The problem =>
When writing out the listing below, reproduce every word exactly and skip the pictures.

Raw data =>
━━━━━━━━━━━━━━━━━━━━
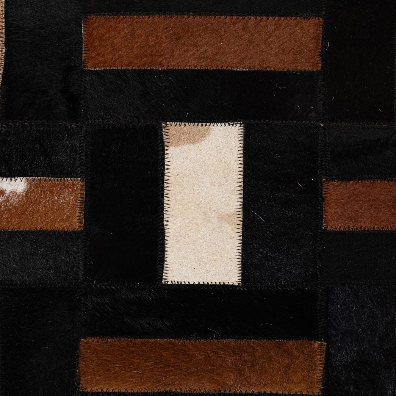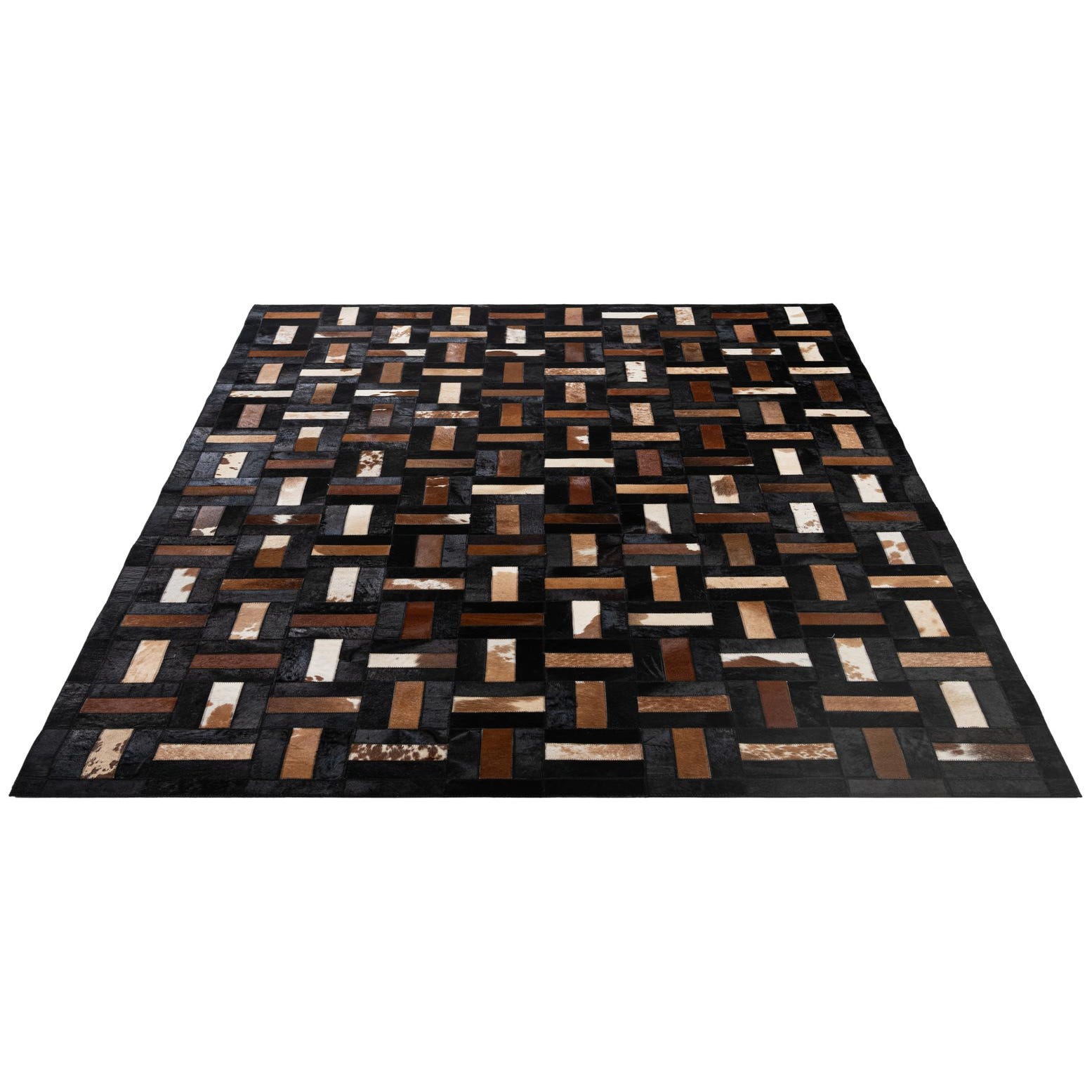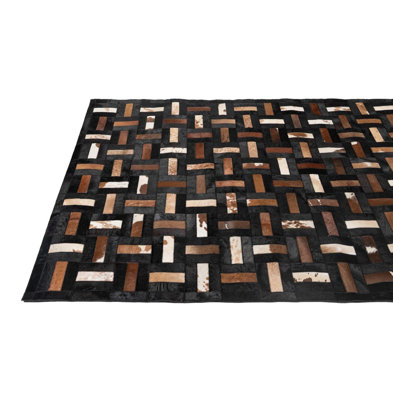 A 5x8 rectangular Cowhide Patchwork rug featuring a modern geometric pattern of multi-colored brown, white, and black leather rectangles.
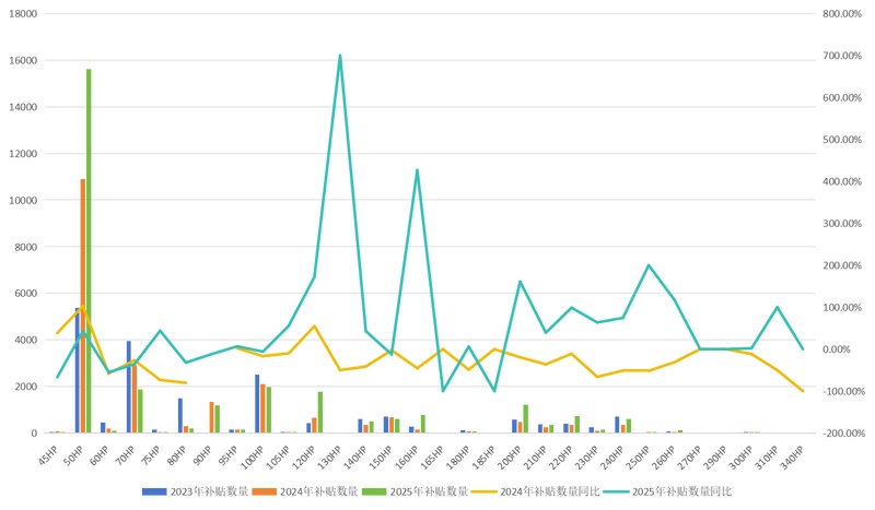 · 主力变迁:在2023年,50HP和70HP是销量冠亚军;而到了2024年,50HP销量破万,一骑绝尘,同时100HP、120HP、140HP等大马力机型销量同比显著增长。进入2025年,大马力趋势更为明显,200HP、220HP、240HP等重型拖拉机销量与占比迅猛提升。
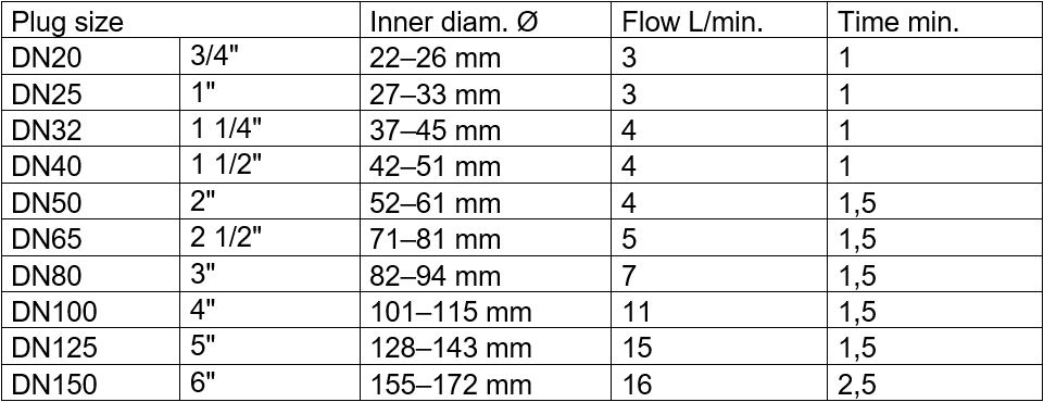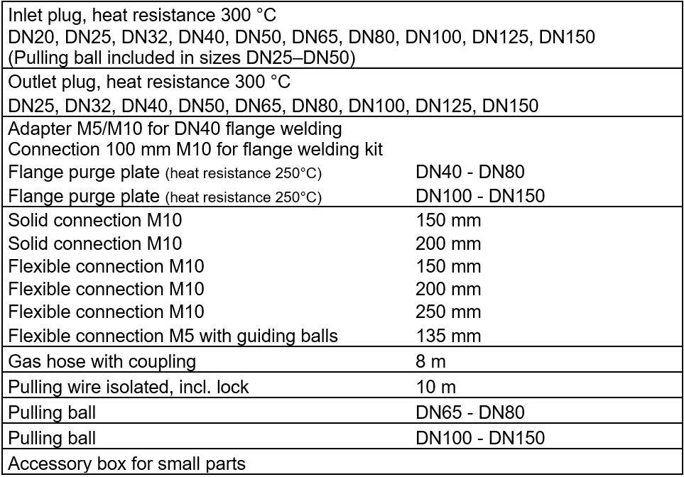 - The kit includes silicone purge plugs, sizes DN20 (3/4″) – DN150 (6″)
━━━━━━━━━━━━━━━━━━━━
Solution for this problem =>
 A 5x8 rectangular Cowhide Patchwork rug featuring a modern geometric pattern of multi-colored brown, white, and black leather rectangles.
 · 主力变迁:在2023年,50HP和70HP是销量冠亚军;而到了2024年,50HP销量破万,一骑绝尘,同时100HP、120HP、140HP等大马力机型销量同比显著增长。进入2025年,大马力趋势更为明显,200HP、220HP、240HP等重型拖拉机销量与占比迅猛提升。
 - The kit includes silicone purge plugs, sizes DN20 (3/4″) – DN150 (6″)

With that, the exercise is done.